7. B) All potable reuse projects

Per the FDEP Potable Reuse Rulemaking Workshop, slide 41, “Pilot testing—pilot- or full-scale in pilot mode—is required for all potable reuse projects”

8. A) early warning system for event detection.

Per the FDEP Potable Reuse Rulemaking Workshop, slide 18,

• “All power-operated equipment associated with controlling and monitoring discharges to the collections system must have a continuous power source.

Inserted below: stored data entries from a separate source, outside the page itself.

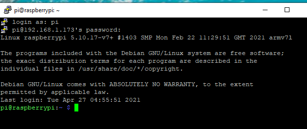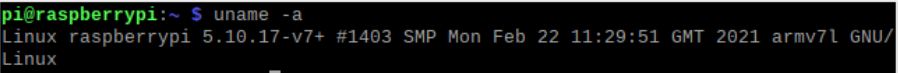 Linux raspberrypi 5.10.63-v7+ #1496 SMP Wed Dec 1 15:58:11 GMT 2021 armv7l GNU/Linux
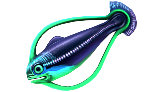 Small, school-mentality prey fish with a unique method of propulsion, and a distant relative of the bladderfish. 1. Antennae: 2. Purple/Green Coloration: 3. Behavior: Assessment: Edible |
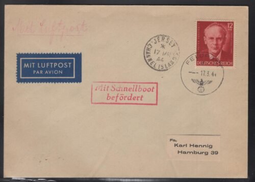 Channel Islands franked Ger MI 856 Hennig cover “Mit Schnellbaot befordert” red stamp cancelled Feldpost 17.3.41 VF

• An early warning system with real-time monitoring shall be in place for event detection.

• A continuous improvement plan for performance and reliability shall be in place.”

9. B) joint operations plan.

Per the FAC 5/26/21 Coded Draft Rule 62-555.316(4), Public Water Systems

Using Direct or Indirect Potable Reuse, “Prior to placing a potable reuse system into service, each wastewater facility (WWF) and each public water system (PWS) participating in the potable reuse system shall submit a joint operations plan to the department for review and approval.”

10. D) Viruses, Cryptosporidium, Giardia lamblia, heterotrophic plate count (HPC) bacteria, Legionella, and turbidity

Per the FAC 5/26/21 Coded Draft Rule 62-610.564(6)(c), Pilot Testing Program, “The pilot testing program shall include the following: . . . An evaluation of Cryptosporidium, Giardia lamblia, heterotrophic plate count (HPC) bacteria, Legionella, and turbidity as referred to by subsection 62-550.817, F.A.C., in order to demonstrate that the wastewater treatment facilities are capable of producing a reclaimed water that is pathogen-free (concentrations of pathogens are less than detection).”